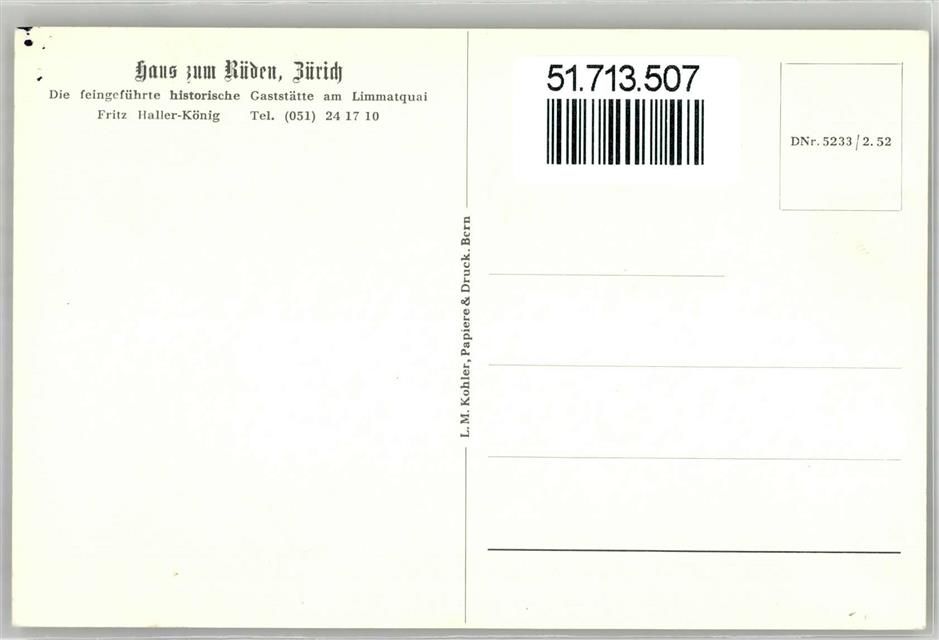 8000 Zürich - Gasthaus Haus zum Rüden Kirche
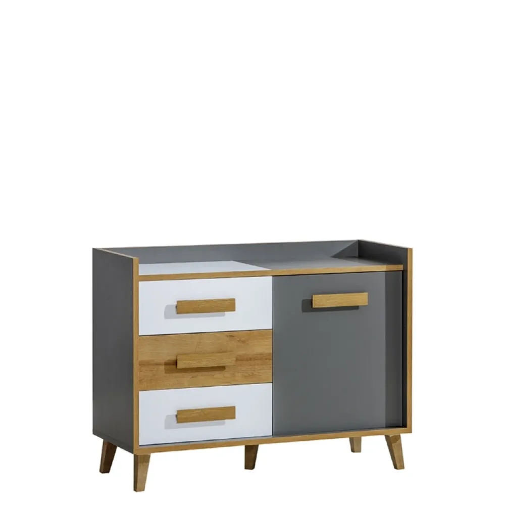 - Komoda młodzieżowa WARSAW została wyposażona w trzy pojemne szuflady osadzone na prowadnicach kulkowych, obok których po prawej stronie swoje miejsce znalazły drzwi, a za nimi praktyczna półka. Komoda posiada nóżki o wysokości 15 cm.
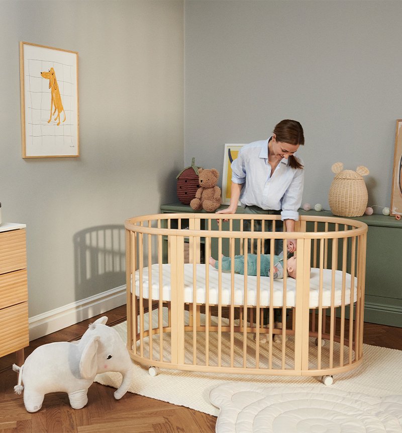 The Stokke Sleepi V3 crib is ideal as a first bed for your newborn , as it creates a nest-like environment that helps the baby feel comfortable and safe.
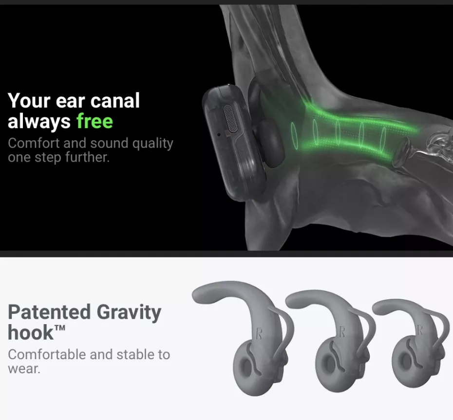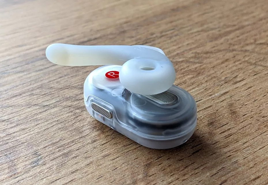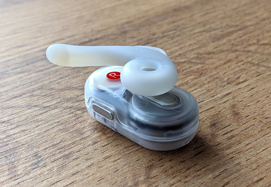 Системы активного шумоподавления здесь очевидно нет и быть не может — ведь это открытые наушники. По той же причине отсутствует датчик кожи, который включал бы паузу при снятии наушника: при такой посадке определить надевание и снятие не представляется возможным.
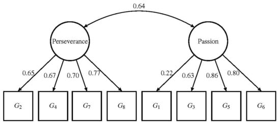 The Grit-S Scale [8] is a shorter version of the original psychometric instrument (i.e., Grit-O Scale; 12 items) comprising 8 items designed to assess an individual’s level of grit. This assessment instrument contains four items for perseverance (e.g., I am a hard worker) and four for passion (e.g., My interests change from year to year) with responses ranging from 1 (Not like me at all) to 5 (Very much like me). Overall, the Grit-S Scale stands as an instrument that provides reliable scores for measuring an individual’s inclination to sustain interest in and effort toward long-term goals and making valid inferences based on them [47,48,49].

----------------------------------------

#### [THE PROBLEM]
From the records above, write out exactly the lines that begin at the line with "The Stokke Sleepi" and end at the line with "Системы активного шумоподавления". Pictures must not appear in the output.

#### [EXPECTED ANSWER]
 The Stokke Sleepi V3 crib is ideal as a first bed for your newborn , as it creates a nest-like environment that helps the baby feel comfortable and safe.
 Системы активного шумоподавления здесь очевидно нет и быть не может — ведь это открытые наушники. По той же причине отсутствует датчик кожи, который включал бы паузу при снятии наушника: при такой посадке определить надевание и снятие не представляется возможным.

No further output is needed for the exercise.